### TASK INSTRUCTIONS
From the first line to the last, print the material exactly, skipping the pictures.

### PROVIDED DATA
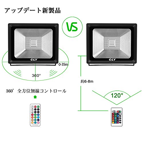 CLY 改良版 50W RGB投光器 LEDフラッドライト リモコン操作 16色イルミネーション 屋外照明 舞台照明 家庭用 看板灯 作業灯 演出ライト 防雨形(赤緑青)(2018改良版)
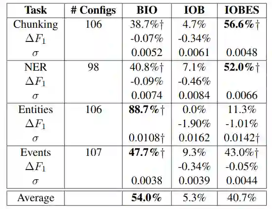 可以看到IOB表现很糟糕,BIO和BIOES各有优劣,网上也有一些小伙伴反馈说:BIO和BIOES在很多任务上的表现差异不大,可能是小数点后3-4位的差别。
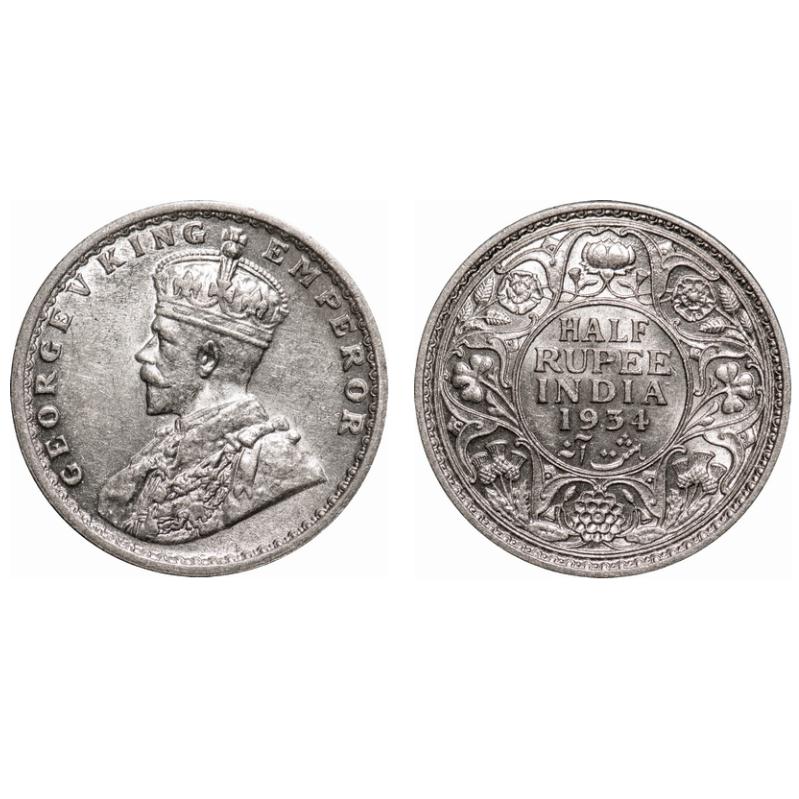George V, Silver, Half Rupee, 1934, Calcutta Mint, No dot. F. Prid # 334. GK 1074. Uncirculated with original mint luster. Very Scarce.

### SOLUTION BELOW
 CLY 改良版 50W RGB投光器 LEDフラッドライト リモコン操作 16色イルミネーション 屋外照明 舞台照明 家庭用 看板灯 作業灯 演出ライト 防雨形(赤緑青)(2018改良版)
 可以看到IOB表现很糟糕,BIO和BIOES各有优劣,网上也有一些小伙伴反馈说:BIO和BIOES在很多任务上的表现差异不大,可能是小数点后3-4位的差别。
George V, Silver, Half Rupee, 1934, Calcutta Mint, No dot. F. Prid # 334. GK 1074. Uncirculated with original mint luster. Very Scarce.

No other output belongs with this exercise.